PT: You said SAP succeeded, yet it brought much pain, why was it so?
Falae: It was the exchange rate. We had allowed the naira to be overvalued. We were also importing too much non-essentials. So the Peugeot car we were buying for N10,000 had gone up to N25,000, when the bidding for the dollars started. that was where the pain came from.
PT: Some of the elements that necessitated the introduction of SAP appear to be still with us: overdependence on imports, unpredictable oil prices, poor foreign exchange earnings from non-oil exports. Would you suggest we have something like SAP, even if we don’t call it that name for the country again?

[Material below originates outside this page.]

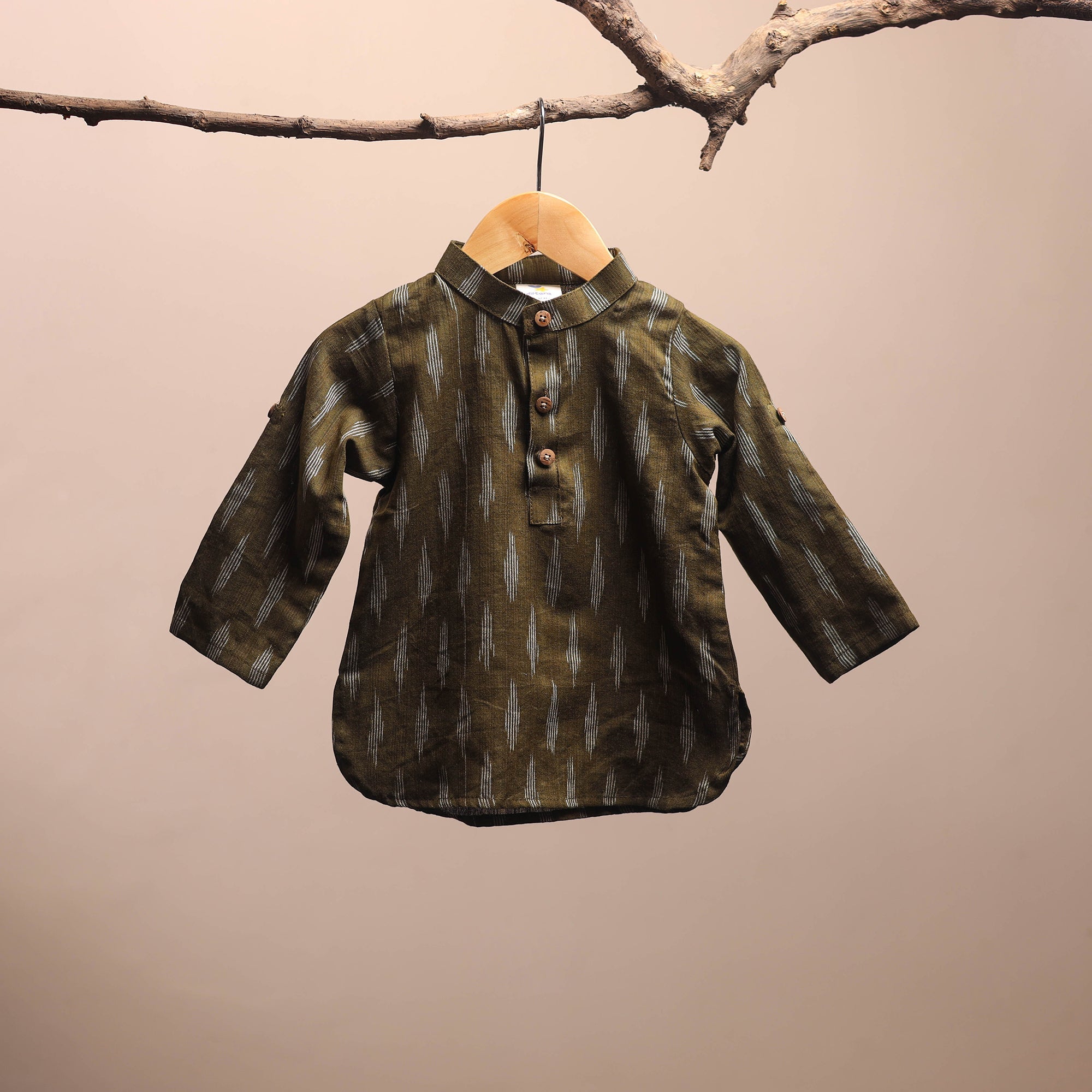 This green pochampally Ikat cotton kids' kurta is designed with timeless patterns and vibrant colors, perfect for everyday wear or festive occasions. Made using the traditional Ikat weaving technique from Telangana, it offers comfort with style. Pair it with pajamas or jeans for a versatile look that keeps your little one looking smart and feeling relaxed all day.

Falae: Absolutely, it is a continuous process. We need an economic power house to on a daily basis look at the various segments of our economy critically to ensure that partisan politics does not interfere massively. It is doing so now. Government funds are being used not for the welfare of the people, but for partisan political purposes.
PT: What is your take on our budgeting system?
Falae: Another major thing and one of the greatest problem is that total government spending is a substantial proportion of the total money in circulation. And when you make a budget, and that budget is not approved until April or May, of course, the capital expenditure takes several months before it is disbursed even after approval. By the time we are disbursing capital funds, we are in June or July. We are only going to disburse 50 per cent or less of what is budgeted. The 50 per cent we would have done between January and June is gone and lost. The answer is to shake up the budgeting system. Ensure your budget is ready and approved and lunched by 31st December, then implementation starts by January.
PT: Don’t you see this happening now with the current budget already submitted to the National Assembly?
Falae: It should have been approved by the end of November. Final adjustment in December and by the 1st of January, implementation starts. I can see them still struggling by the end of March.